The DI didn’t speak until they got past Black Rock, when he said, ‘Emma went to Roedean, you know.’
Dear God, not bloody Emma Holmes again. Meg pretended not to understand. ‘Emma who?’
‘DS Holmes. Mrs Stephens as she is now.’
‘She’s a Roedean girl? Aren’t we all?’
DI Willis turned to look at her. ‘Did you go to Roedean then?’
Meg laughed. ‘No. I went to Fitzherbert in Woodingdean. My parents wanted me to go to Blessed Sacrament but I failed the Eleven Plus.’
‘Blessed Sacrament? Are you a Catholic then?’
‘Yes,’ said Meg. ‘Good Catholic girl. Can’t you tell
?’
The DI’s ears went pink again and he didn’t answer. He’d sounded quite disapproving though. There was still a lot of anti-Catholic prejudice around, according to her mum, an expert on intolerance. Or maybe she’d been too jokey. She often got the tone wrong when talking to superiors. Maybe he just thought it was odd to call herself a girl. She was only nineteen but she knew that, at nearly six foot, she wasn’t what most people thought of as girlish.
After a few more minutes, the DI asked, ‘Are you from Woodingdean?’

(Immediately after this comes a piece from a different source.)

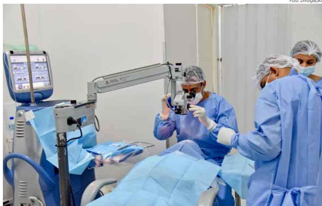
Rio Claro totaliza 671 cirurgias oftalmológicas realizadas em dois mutirões

A primeira etapa desse segundo mutirão foi em novembro, quando 203 pacientes fizeram a cirurgia. No primeiro mutirão, em agosto e setembro, foram realizadas 294 cirurgias de catarata e pterígio.

‘No,’ said Meg. ‘Whitehawk.’ She was aware that this was probably the wrong answer. If Roedean was the smartest address in Brighton, next-door Whitehawk was definitely the least salubrious. Meg and Emma Holmes might have lived a few miles apart but socially there was a vast gulf between them. The DI digested this new information in silence.
The Roedean gates opened straight onto the coast road. The DI indicated and turned in but clearly someone was needed to push open the gates and clearly that someone was Meg. Nevertheless she managed to stay in her seat until the DI was forced to say, ‘WPC Connolly, would you . . . ?’ Once inside, the grey building loomed above them. Close up it looked more like a monstrous seaside villa than a castle, four storeys high with sloping gables and pebbledash walls. The main entrance had a sort of tower though, with a clock in the middle and chunky pillars, like chess pieces, below. The view was incredible, an uninterrupted sweep across the playing fields out to the sea. It was also, on this cold spring day, a rather bleak one. The sea was slate grey, capped with white, and, on the pitch in front of them, a group of girls struggled to control a lacrosse ball. Seagulls skirled overhead and, far below, you could hear the waves breaking against the cliffs.
In the entrance hall, in front of a magnificent double staircase, they were met by a tall woman in an academic gown. ‘I’m Miss Browning, the Number Four housemistress.’
The DI obviously didn’t know whether to shake hands or not. ‘I’m DI Willis and this is WPC Connolly.’